The future looked dim in 1999 for the future of the Nixon Fork gold and copper mine, a remote underground hard-rock operation located about 35 miles northeast of McGrath in western Interior Alaska.
Back then, amid dropping gold and copper prices, the mine was put into care and maintenance by operator Real del Monte Mining Corp., which had acquired Nixon Fork the previous year from Nevada Consolidated, a company that first opened the hard-rock mine in 1995.
Eventually, Nixon Fork's underground mine and aboveground mill facilities were abandoned by trustees in a bankruptcy court case and the mining leases reverted back to original property owners-McGrath-area miners with historical ties to the property starting in the 1920s.
$10 MILLION INVESTED
Three years ago, the abandoned mine property and mining claims were acquired by Denver-based Mystery Creek Resources, a wholly owned subsidiary of publicly-traded, Toronto-based St.

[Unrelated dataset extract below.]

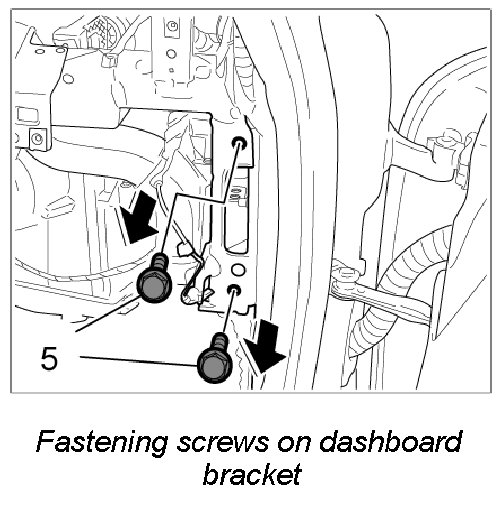 12. Screw down dashboard bracket with the two fastening screws -5-. - Tightening torque: 23 Nm (17 ftlb.)
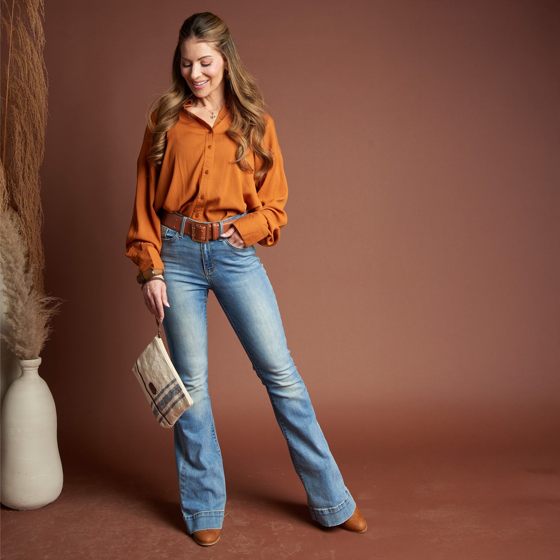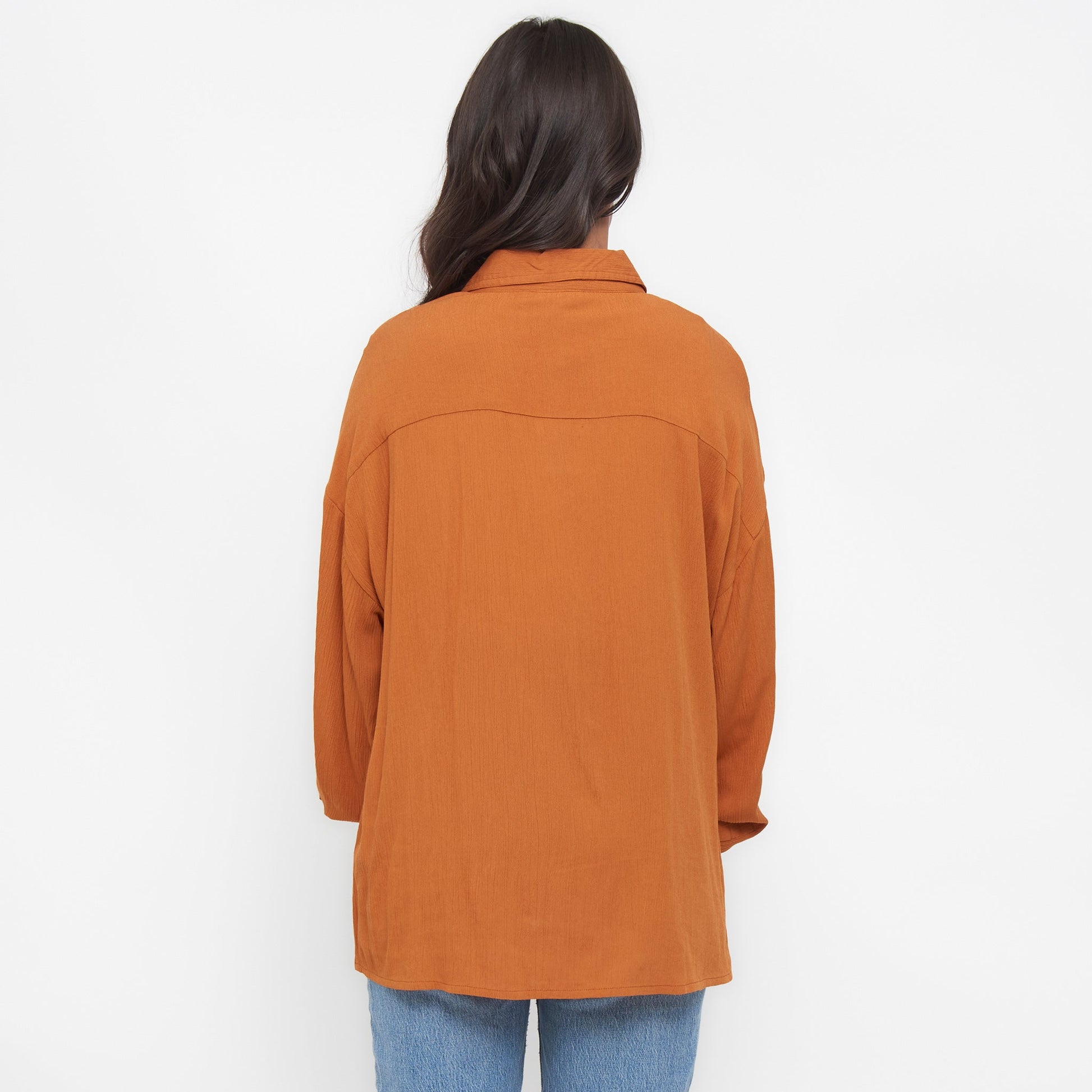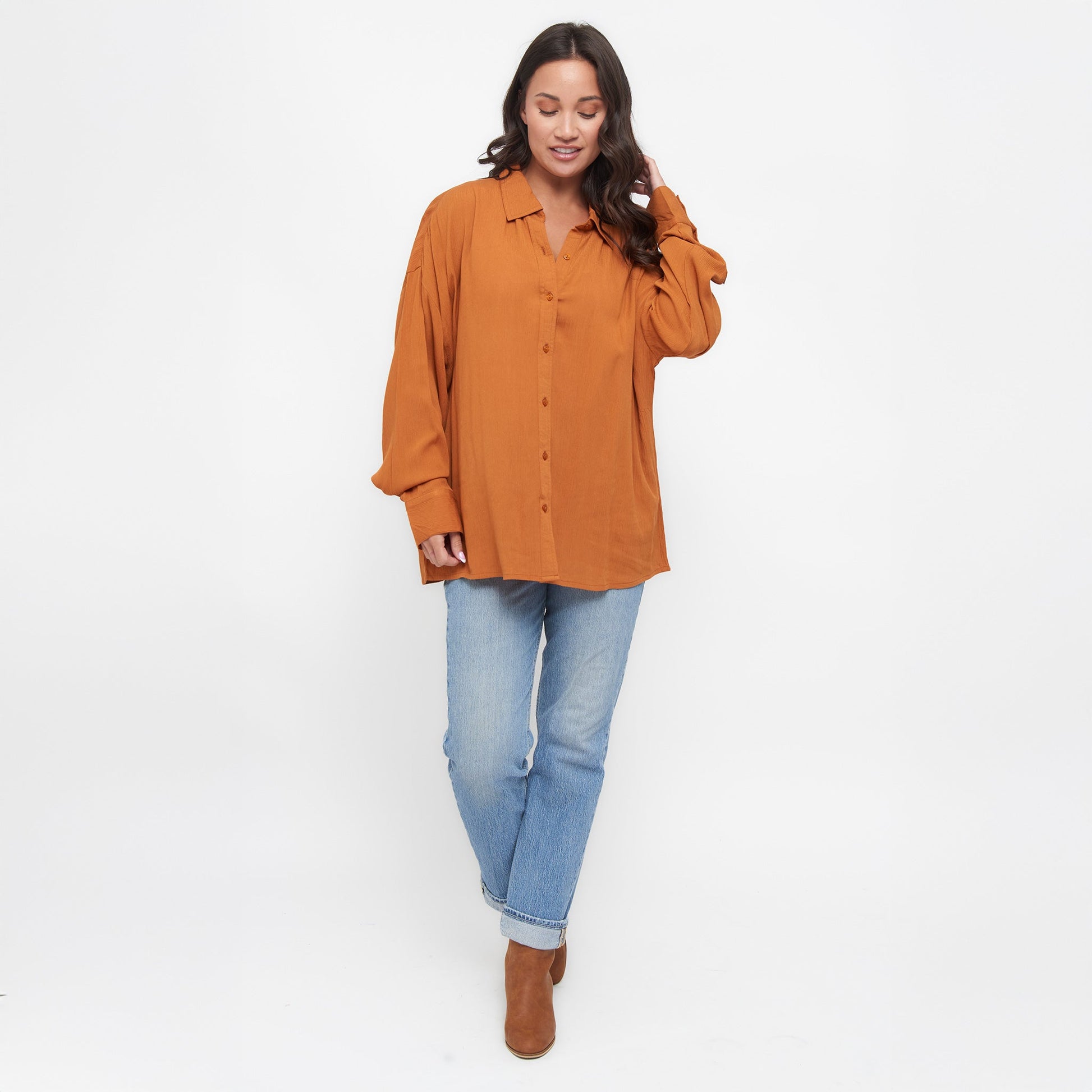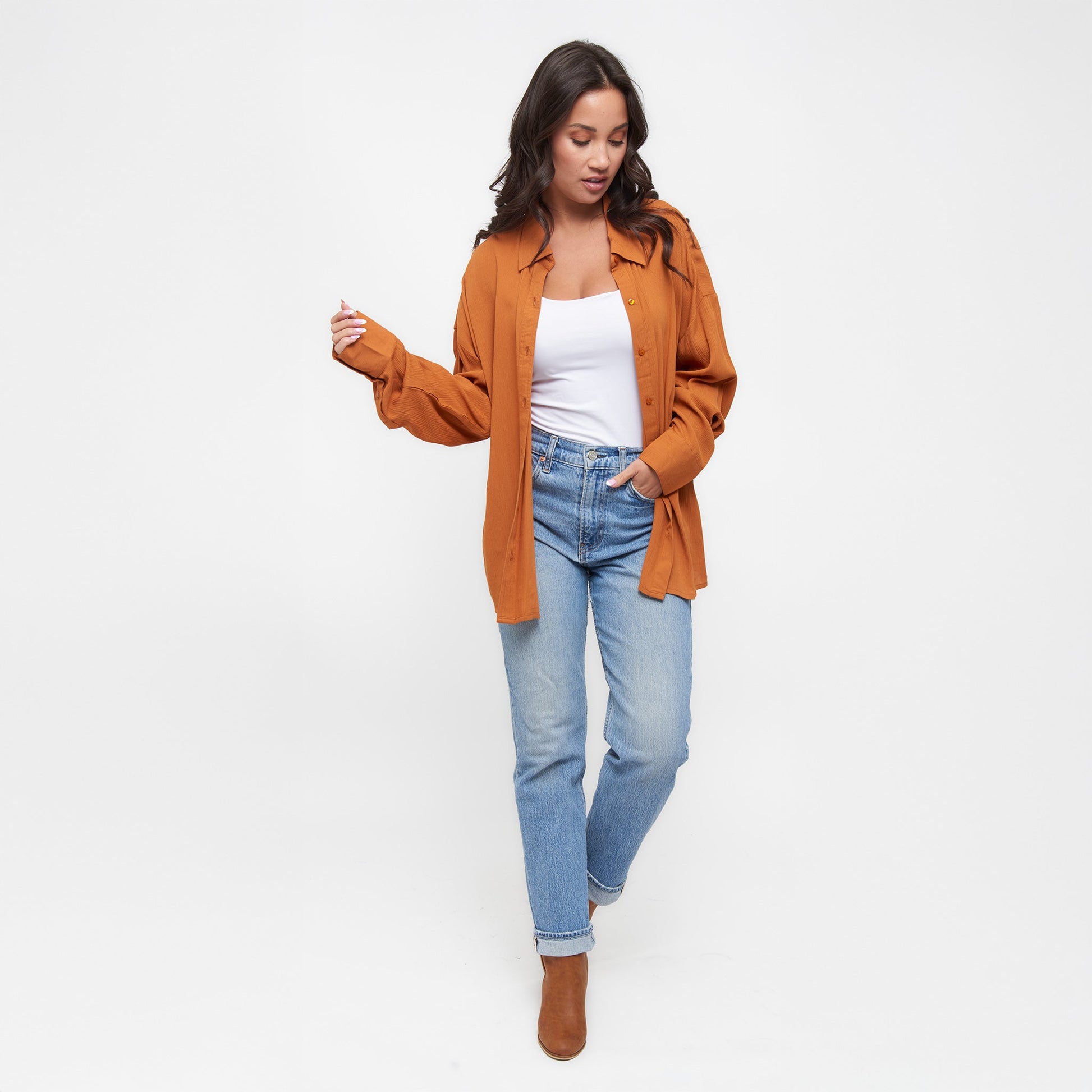 Add a pop of color to your wardrobe with the Reece Boyfriend Button Up Top. Featuring a vibrant rustic caramel orange in a stunning lightweight crepe fabric with a relaxed fit, this button up top brings both fun and comfort to your look.

Andrew Goldfields Ltd.
Since then, as metal prices have continued to climb, Mystery Creek has conducted substantial exploration and development work, with the goal of restarting gold and copper production at Nixon Fork. Announcing plans earlier this year to spend up to $10 million on the shuttered property, Mystery Creek moved into the construction phase this past summer, after receiving state and federal permits to refurbish the facility and to restart underground mining.
In early September, Paul Jones, president of Mystery Creek, described work on-site as "hectic," with the goal of starting production in the last half of October.

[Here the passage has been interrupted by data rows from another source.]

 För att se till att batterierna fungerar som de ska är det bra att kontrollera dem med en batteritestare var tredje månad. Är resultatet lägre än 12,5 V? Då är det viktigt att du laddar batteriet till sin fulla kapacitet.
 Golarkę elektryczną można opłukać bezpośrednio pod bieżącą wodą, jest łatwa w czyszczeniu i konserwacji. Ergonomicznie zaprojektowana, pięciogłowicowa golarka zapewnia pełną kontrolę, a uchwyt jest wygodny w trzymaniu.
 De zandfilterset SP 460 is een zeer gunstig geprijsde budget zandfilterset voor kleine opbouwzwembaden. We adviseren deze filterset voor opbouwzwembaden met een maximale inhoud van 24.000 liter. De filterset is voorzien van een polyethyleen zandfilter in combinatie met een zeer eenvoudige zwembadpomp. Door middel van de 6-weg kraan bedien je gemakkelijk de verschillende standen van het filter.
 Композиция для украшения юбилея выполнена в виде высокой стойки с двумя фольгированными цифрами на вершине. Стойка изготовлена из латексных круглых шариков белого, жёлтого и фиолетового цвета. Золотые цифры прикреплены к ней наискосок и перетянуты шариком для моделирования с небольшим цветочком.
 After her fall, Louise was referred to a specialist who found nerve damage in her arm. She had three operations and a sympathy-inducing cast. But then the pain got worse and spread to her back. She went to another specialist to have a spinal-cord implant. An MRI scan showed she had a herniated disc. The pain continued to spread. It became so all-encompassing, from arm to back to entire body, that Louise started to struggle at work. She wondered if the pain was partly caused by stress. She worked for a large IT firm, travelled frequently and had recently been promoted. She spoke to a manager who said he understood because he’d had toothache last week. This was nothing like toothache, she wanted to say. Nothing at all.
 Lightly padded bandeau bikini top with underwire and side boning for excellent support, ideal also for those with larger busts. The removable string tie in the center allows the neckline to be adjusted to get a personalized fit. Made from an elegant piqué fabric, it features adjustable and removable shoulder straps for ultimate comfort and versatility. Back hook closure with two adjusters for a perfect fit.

"We've got a lot of development work going on underground and have started bringing out some ore," Jones said on Sept. 8. "The mill is still in reconstruction and we're picking up to a pretty high rate."
WORKERS ON-SITE
A work force of about 50 people are onsite at the remote operation, with about half of those construction workers and the other half new mine and mill employees. Once complete, Jones expects Nixon Fork to employ a crew of about 40 workers, working 12-hour shifts.
Ore at Nixon Fork averages a little more than one ounce of gold per ton of rock, and also contains significant amounts of copper and a small amount of silver. Silver content is roughly one ounce of silver for every ounce of gold, Jones said. The average estimated copper content in Nixon Fork ore has not been publicly revealed, although current plans call for an estimated 2,500 tons of copper concentrate to be generated annually, Jones said.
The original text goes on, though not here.